CHICAGO – It’s not that Myles Turner is holding auditions for best friend positions or searching for significance by waiting to hear how much he’s needed.
He’s not competing for most popular and he’s certainly not going all “daytime soap opera” in hopes of building some cheesy, melodramatic storyline about where he’s headed to play college basketball.
“Oh, no way,” said Turner, a center at Trinity (Euless, Texas). “Sometimes I wish I knew where I wanted to go. That would be so much easier.”
What Turner has been doing all week, while preparing for tonight’s (9:30 p.m. ET, ESPNU) McDonald’s All-American game at the United Center in Chicago, is simply taking mental notes.
“I’m having fun and everything, but, at the same time, I’m definitely trying to see who I gel with the most,” Turner said. “This is a tough decision so I’m trying to get all the information I can to make the best decision.”
Such is the life of the top uncommitted prospect in the 2014 class.
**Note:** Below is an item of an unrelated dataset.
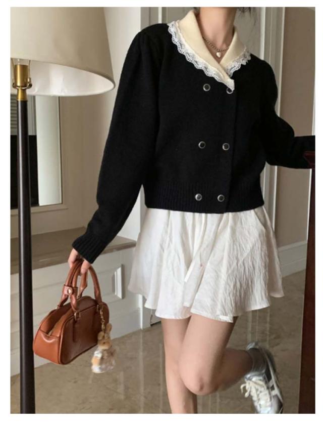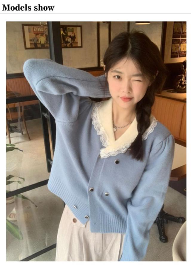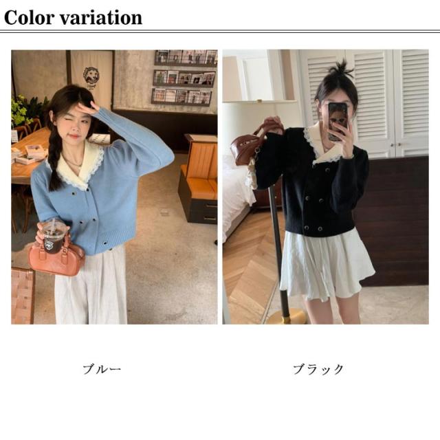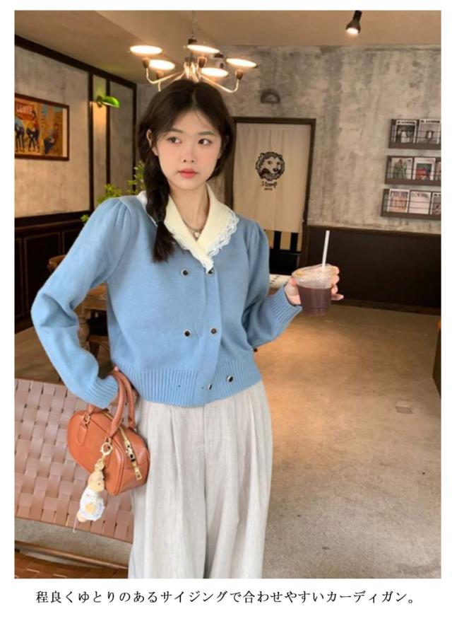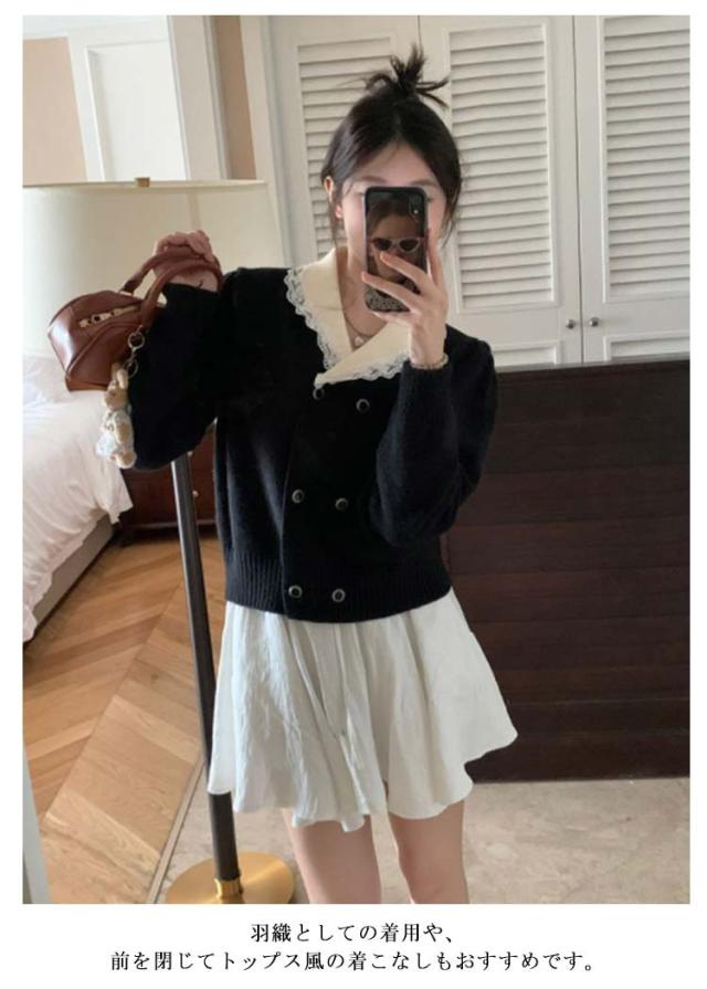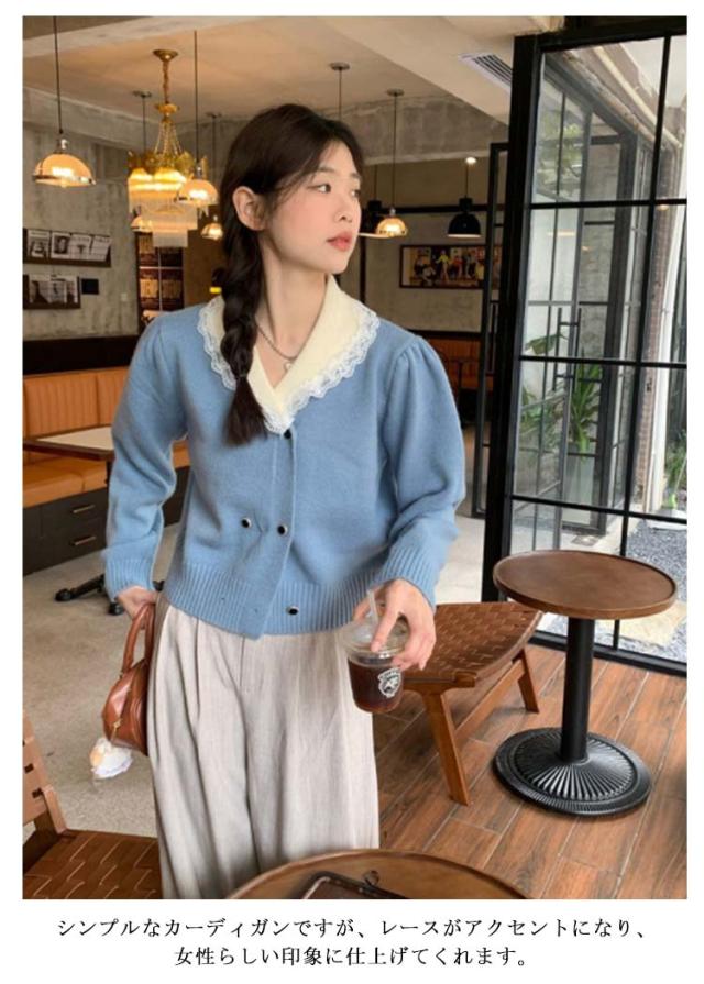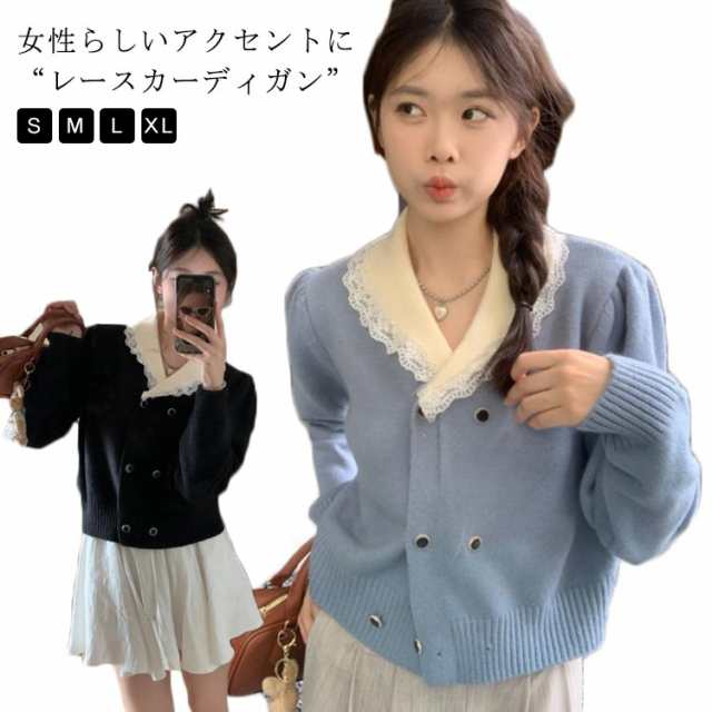 長袖 カーディガン セーター ショート丈 トップス ニットセーター ニット 羽織 vネック ニットトップス ニットカーデ レディース ニットカーディガン レース シンプル きれいめ オフィス かわいい 大人 カジュアル 通勤 通学 春 秋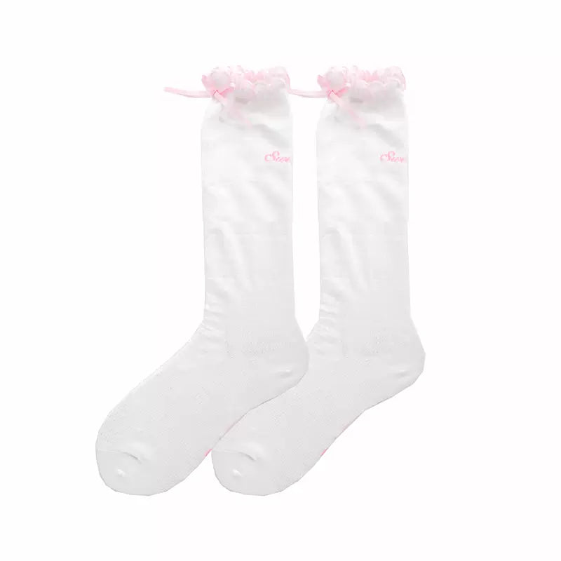 Sweet Bow Lolita Cotton White Pink Blue Calf & Over the Knee Socks

Turner, a 7-footer, gives a whole new meaning to the phrase, “America’s most wanted.”
Forget about the college coaches applying the full-court recruiting press; at some point each of the players signed to the schools on Turner’s list – Arizona, Duke, Kansas, Kentucky, Ohio State, Oklahoma State and Texas – have made their wish of teaming up known. And since they’re not bound by NCAA rules, Turner’s peers can remind him of where he belongs as much as they’d like.
“It’s pretty funny,” Turner said. “Most of them come at me pretty often too.”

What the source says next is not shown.